# Cunard Buildings Basements.Liverpool 8-10



## kevsy21 (Sep 1, 2010)

The Cunard Building is a Grade II* listed building located in Liverpool, England. It is sited at the Pier Head and along with the neighbouring Liver Building and Port of Liverpool Building is one of Liverpool's Three Graces, which line the city's waterfront.
It was designed by William Edward Willink and Philip Coldwell Thicknesse and was constructed between 1914 and 1917. The building's style is a mix of Italian Renaissance and Greek Revival, and its development has been particularly influenced by Italian palace design.
The building was, from its construction until the 1960s, the headquarters of Cunard Line, and the building retains the name of its original tenants. It was also home to Cunard's passenger facilities for trans-Atlantic journeys that departed from Liverpool.
One of the most notable features of the Cunard Building are the large basement and sub-basement levels that initially acted as storage facilities for both the Company's property and also the luggage of passengers. Coal was also stored in the basement, with a small railway track providing a link to the boiler room, which was used to heat the building. Many original features of the basement still exist, including the timber baggage racks, ship logs and other maritime documents. Several secure vaults, which in the past were used to store the most valuable passenger items, are still used today to hold historic documents, drawings and blueprints relating to the Cunard Building and also some of Cunard's Liners, such as the RMS Queen Mary.
Visited with Georgie.
This was not an official tour.





Basement store rooms.The railway track ran down the centre of the corridor.

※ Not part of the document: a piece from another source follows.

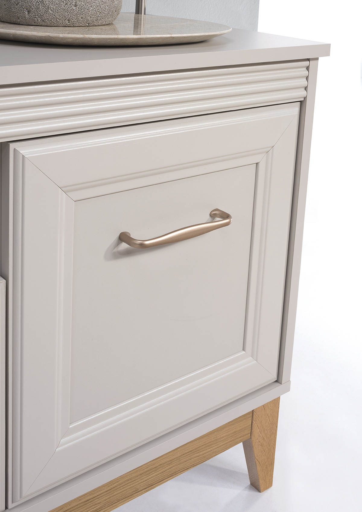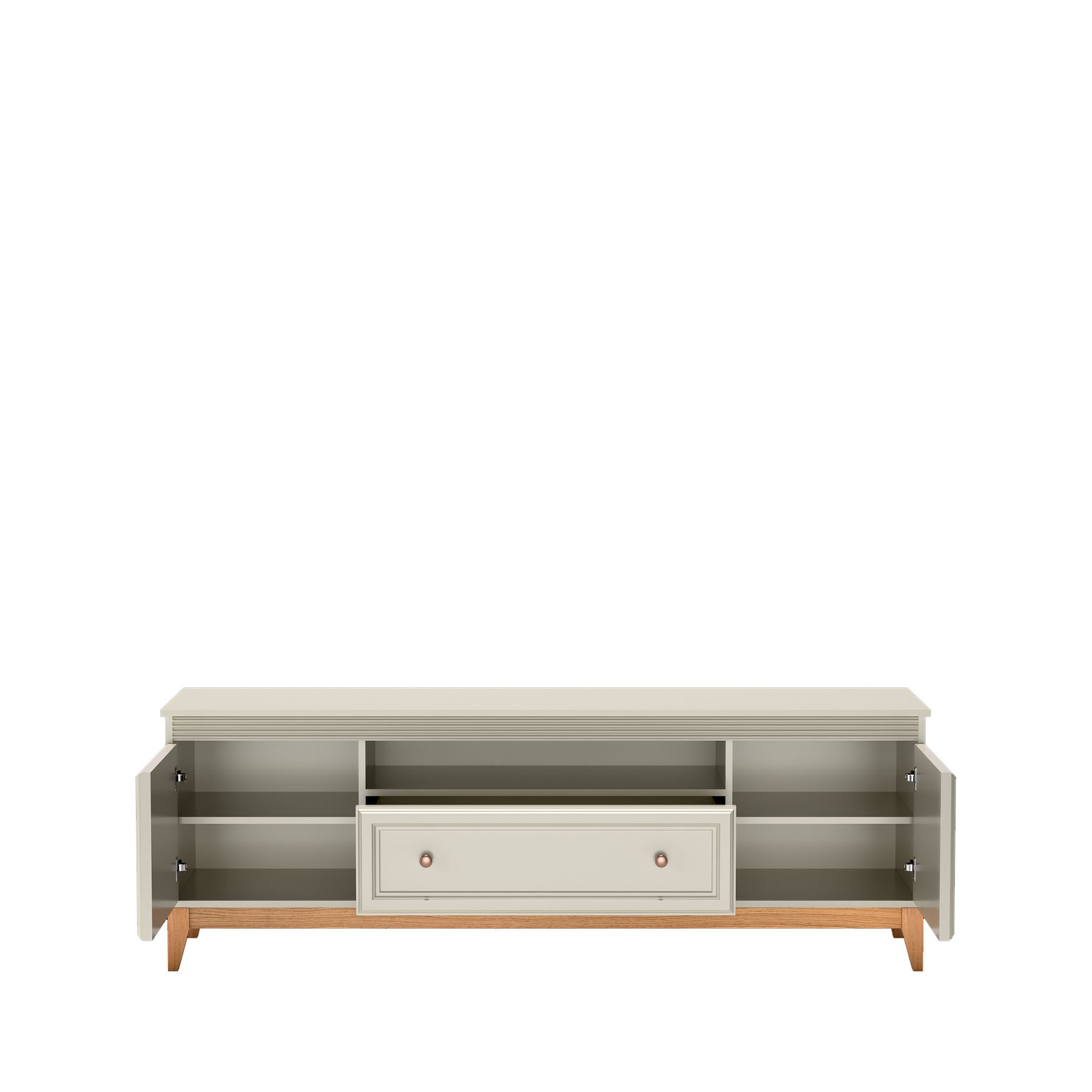 „WINDSOR-9“ televizoriaus staliukas – tai tobulas elegancijos ir funkcionalumo derinys, suteikiantis jūsų svetainei unikalų charakterį. Klasikinis dizainas, apdailintas prabangia kašmyro spalva, suteikia interjerui subtilios harmonijos ir jaukumo. Dėl kruopščiai atrinktų medžiagų, įskaitant natūralaus ąžuolo medines kojeles, šis baldas tampa ne tik estetiniu akcentu, bet ir stabiliu elementu kasdieniam naudojimui. „WINDSOR-9“ televizoriaus staliuko vidus buvo sukurtas atsižvelgiant į praktinį erdvės išnaudojimą. Erdvios lentynos suteikia daugybę elektronikos ir namų aksesuarų laikymo galimybių. Nesvarbu, ar turite filmų kolekciją, ar žaidimų rinkinį, šis baldas tikrai leis jums laikyti viską, ko norite, po ranka, tuo pačiu išlaikant tvarką jūsų svetainėje. Kitas akį traukiantis bruožas – subtilios vario atspalvio rankenėlės, kurios suteikia bendram dizainui modernumo. Būtent tokios detalės daro įtaką galutiniam vizualiniam efektui, todėl „WINDSOR-9“ spintelė tampa ryškiu elementu, galinčiu tapti bet kurio svetainės dizaino traukos centru. Vario akcentai gražiai kontrastuoja su subtilia korpuso spalva, sukurdami harmoningą kompoziciją.

George's Dock Wall,part of the original dock the building was built over.




The secure vaults room, each one sealed by a safe door - where valuable passenger luggage would be stored.










One of the vaults contained loads of memorabilia.



















Original Cunard White Star soap




The general baggage and stores area located just beyond the vaults.









Some of the racks still retain the names of the ships which served Liverpool.














The sub-basement of the Cunard Building was utilised throughout the Second World War as an air raid shelter for not only the occupiers of the building, but also the staff of the adjacent office buildings. The original signs are still visible along the reinforced steel joist’s which were installed to add to the strength of the shelter.
The shelter covers the full length and width of the sub basement.


----------



## georgie (Sep 1, 2010)

ive said it before and ill say it again this is the best thing ive had the privilage to explore under liverpool top pics


----------



## kevsy21 (Sep 1, 2010)

georgie said:


> ive said it before and ill say it again this is the best thing ive had the privilage to explore under liverpool top pics



It was a cracking place to see,wouldnt mind a revist one day.


----------



## DogRecon (Sep 2, 2010)

Thats some niiiiice work there.


----------



## Foxylady (Sep 4, 2010)

What a fantastic explore. Such amazing things still remaining.
I was particularly interested in the George Dock area. There's a story about a Liverpuddlian dock called King George V that was handed down from my Grandad, but I've never been able to find one in Liverpool. So maybe this is the dock that was referred to. Just been googling about it, but the opening age doesn't fit. Hmm.
Great stuff, guys.


----------



## Seahorse (Sep 4, 2010)

At the risk of sounding crude, nice pic of the Seaman's Discharge book.


----------



## jhluxton (Sep 5, 2010)

Readers of this thread may be interested in a collection of photos which I posted to my Irish Sea Shipping web site following a tour of the building in September 2009. These offer further views to those in this thread.

http://www.irishseashipping.com/heritage/subsite/england/cunardbuild260909/cunardbuild260909.htm


----------



## kevsy21 (Sep 5, 2010)

Thanks for the comments,it was an interesting place.
I have a lot more pics on my photobucket of the place.


----------



## georgie (Sep 5, 2010)

jhluxton said:


> Readers of this thread may be interested in a collection of photos which I posted to my Irish Sea Shipping web site following a tour of the building in September 2009. These offer further views to those in this thread.
> 
> http://www.irishseashipping.com/heritage/subsite/england/cunardbuild260909/cunardbuild260909.htm



thats good iss but i have all these photos on my photobucket account already


----------



## freebird (Sep 5, 2010)

Great pics and what a fantastic place! Love it.


----------



## kevsy21 (Sep 25, 2010)

A few roof pics.


----------



## Foxylady (Sep 26, 2010)

Ah, the Liver Birds. Been a long time since I saw those. Nice pics.


----------